Production of second-generation (2G) ethanol from sugarcane requires enzymatic hydrolysis, in which enzymes from microorganisms act together to break down and convert the carbohydrates in sugarcane straw and bagasse into sugars capable of undergoing fermentation.
Understanding the genetic mechanisms that regulate the control and production of hydrolytic enzymes by microorganisms is considered fundamental to improving the technology used in this process.

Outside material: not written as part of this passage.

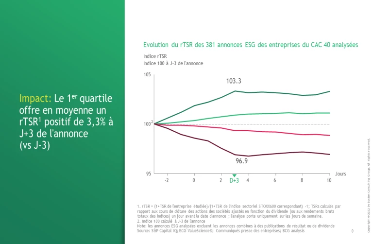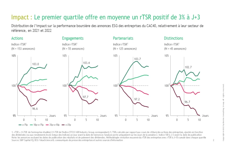 Note : l’analyse est faite en excluant les annonces ESG des entreprises ayant publié dans les 3 jours précédant l’annonce ESG ou les 10 jours suivants une autre annonce susceptible d’influer sur son TSR (ex. résultat, dividende, autre…)

Important knowledge of the different biological mechanisms behind the control and production of hydrolytic enzymes specifically by fungi has been garnered by a group of researchers at the University of Campinas (UNICAMP) in São Paulo State, Brazil, partnering with colleagues from the National Bioethanol Science & Technology Laboratory (CTBE), which belongs to the National Energy & Materials Research Center (CNPEM) in Campinas, and from Rio de Janeiro State University (UERJ).
Conducted as part of a project supported by the São Paulo Research Foundation—FAPESP, the study was published in Scientific Reports.
"Our discoveries can contribute to the development of enzymes for inclusion in enzymatic cocktails used to produce 2G ethanol and other products," said Anete Pereira de Souza, a professor at UNICAMP and principal investigator for the project, in an interview given to Agência FAPESP.
The researchers analyzed the genetic mechanisms involved in the secretion and expression of enzymes used by three species of fungus to degrade sugarcane. The species were Trichoderma harzianum, T. reesei and T. atroviride.
These fungi are frequently found in soil and growing on wood, bark and even other fungi, as well as many other substrates. They hydrolyze various kinds of carbohydrate, including the cellulose in sugarcane straw and bagasse, by means of enzymes present in their cell walls.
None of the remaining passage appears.